• Task details: For this exercise, write out only the lines of the entries below from the one with "Seattle - Plenty" up to and including the one with "Calça desenvolvida em", exactly as they are. Pictures stay out.

======== Stored data

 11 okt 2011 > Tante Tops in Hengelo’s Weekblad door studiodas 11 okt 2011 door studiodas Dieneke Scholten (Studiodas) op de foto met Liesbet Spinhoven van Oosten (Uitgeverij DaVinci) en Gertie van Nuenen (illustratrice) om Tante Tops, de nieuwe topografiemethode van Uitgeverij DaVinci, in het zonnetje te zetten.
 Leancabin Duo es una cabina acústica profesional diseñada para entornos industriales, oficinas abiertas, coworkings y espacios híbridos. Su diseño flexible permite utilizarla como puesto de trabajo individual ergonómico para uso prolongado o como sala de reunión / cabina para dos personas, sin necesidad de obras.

================
======== Stored data

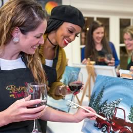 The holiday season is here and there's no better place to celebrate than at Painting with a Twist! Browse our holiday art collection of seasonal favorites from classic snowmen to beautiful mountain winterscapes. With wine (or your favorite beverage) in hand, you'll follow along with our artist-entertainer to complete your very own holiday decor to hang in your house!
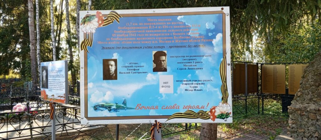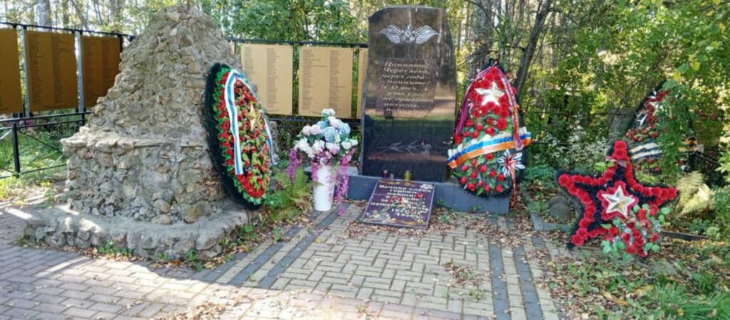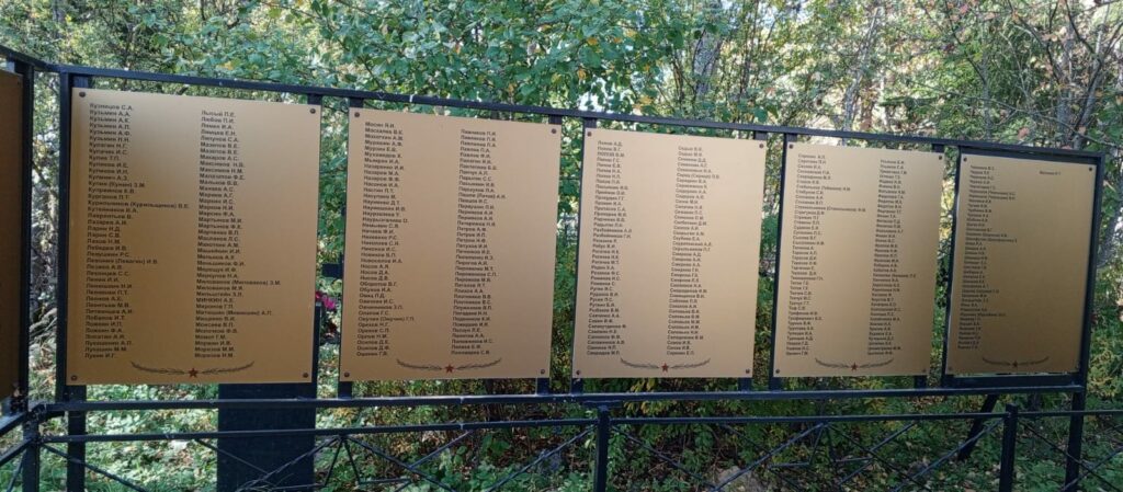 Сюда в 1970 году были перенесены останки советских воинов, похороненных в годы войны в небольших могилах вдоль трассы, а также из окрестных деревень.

================
======== Stored data

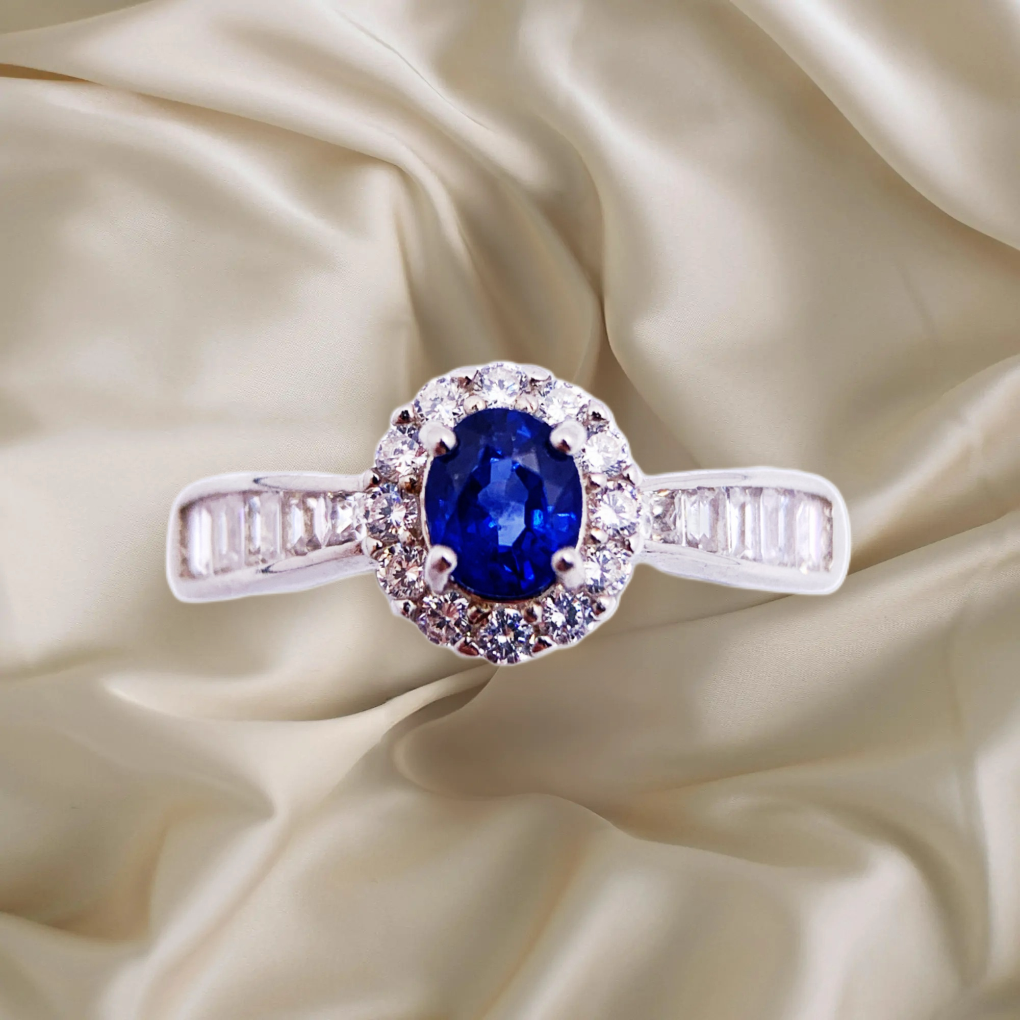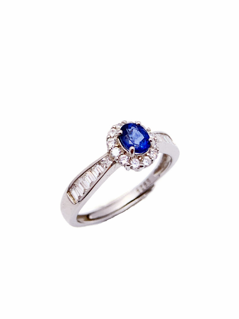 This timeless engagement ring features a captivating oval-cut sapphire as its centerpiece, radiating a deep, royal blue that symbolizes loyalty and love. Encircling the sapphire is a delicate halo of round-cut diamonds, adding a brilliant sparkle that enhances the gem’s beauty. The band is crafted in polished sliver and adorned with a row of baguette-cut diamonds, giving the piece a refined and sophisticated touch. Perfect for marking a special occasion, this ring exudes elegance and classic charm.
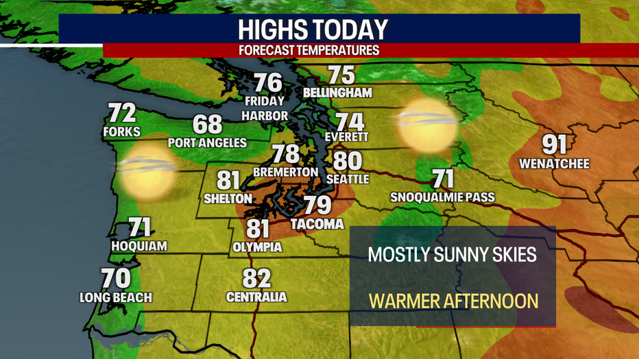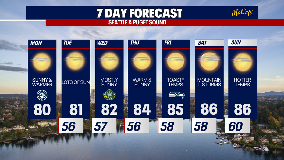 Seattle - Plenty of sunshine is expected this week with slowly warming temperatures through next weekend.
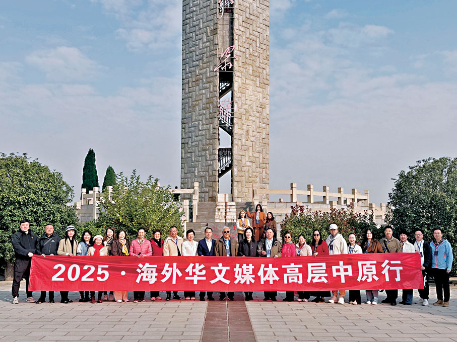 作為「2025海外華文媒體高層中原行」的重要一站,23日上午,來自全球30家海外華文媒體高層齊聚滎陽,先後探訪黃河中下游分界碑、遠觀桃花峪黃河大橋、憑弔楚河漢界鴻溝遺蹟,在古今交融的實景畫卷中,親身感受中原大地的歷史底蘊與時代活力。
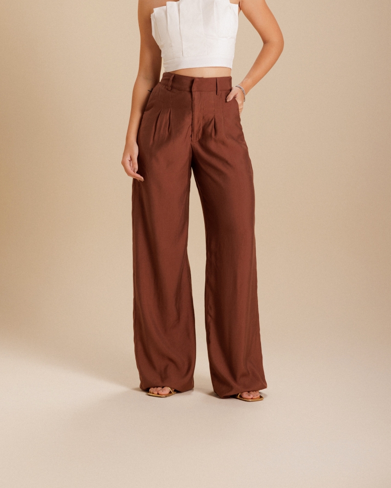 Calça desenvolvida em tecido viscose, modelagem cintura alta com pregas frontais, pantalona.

================

• Task result:
 Seattle - Plenty of sunshine is expected this week with slowly warming temperatures through next weekend.
 作為「2025海外華文媒體高層中原行」的重要一站,23日上午,來自全球30家海外華文媒體高層齊聚滎陽,先後探訪黃河中下游分界碑、遠觀桃花峪黃河大橋、憑弔楚河漢界鴻溝遺蹟,在古今交融的實景畫卷中,親身感受中原大地的歷史底蘊與時代活力。
 Calça desenvolvida em tecido viscose, modelagem cintura alta com pregas frontais, pantalona.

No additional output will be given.